• About this task:
Copy the listing below exactly. Pictures stay out of it.

• Information shown:

......

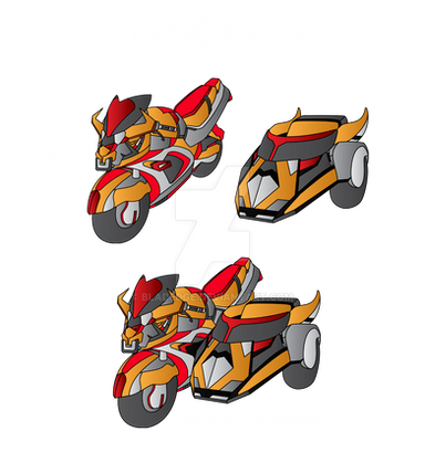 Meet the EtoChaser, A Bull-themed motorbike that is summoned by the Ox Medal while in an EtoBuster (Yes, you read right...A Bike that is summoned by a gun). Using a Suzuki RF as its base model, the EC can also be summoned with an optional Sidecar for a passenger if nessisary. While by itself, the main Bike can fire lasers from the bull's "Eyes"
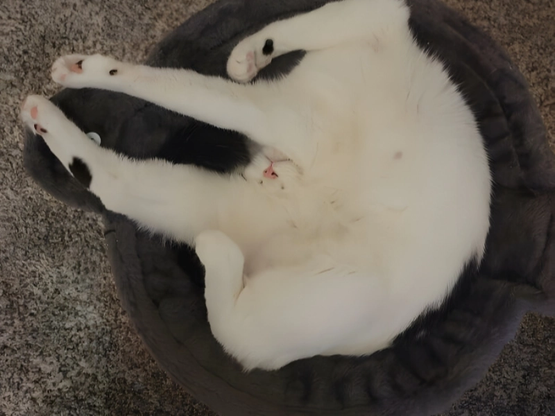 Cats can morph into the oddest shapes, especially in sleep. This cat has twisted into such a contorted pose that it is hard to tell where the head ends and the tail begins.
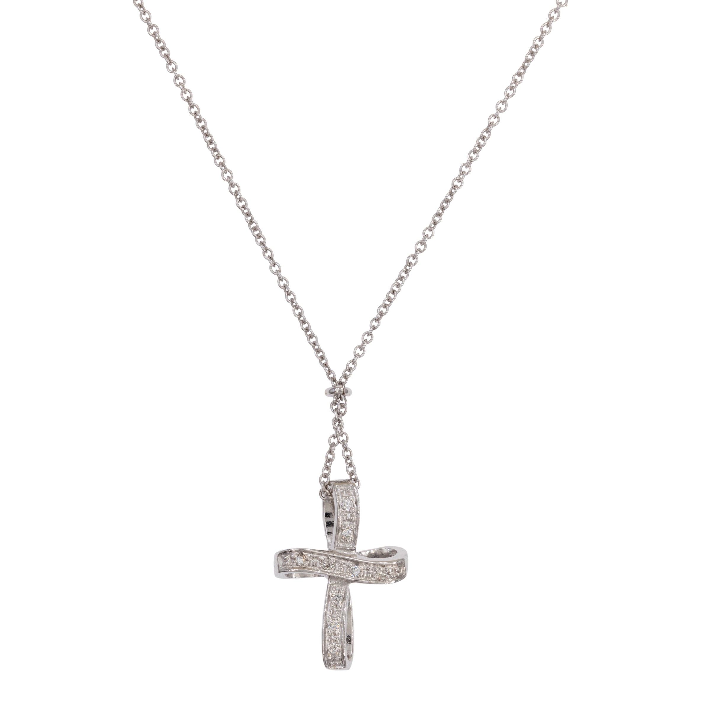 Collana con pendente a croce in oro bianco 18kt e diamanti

......

• Answer section:
 Meet the EtoChaser, A Bull-themed motorbike that is summoned by the Ox Medal while in an EtoBuster (Yes, you read right...A Bike that is summoned by a gun). Using a Suzuki RF as its base model, the EC can also be summoned with an optional Sidecar for a passenger if nessisary. While by itself, the main Bike can fire lasers from the bull's "Eyes"
 Cats can morph into the oddest shapes, especially in sleep. This cat has twisted into such a contorted pose that it is hard to tell where the head ends and the tail begins.
 Collana con pendente a croce in oro bianco 18kt e diamanti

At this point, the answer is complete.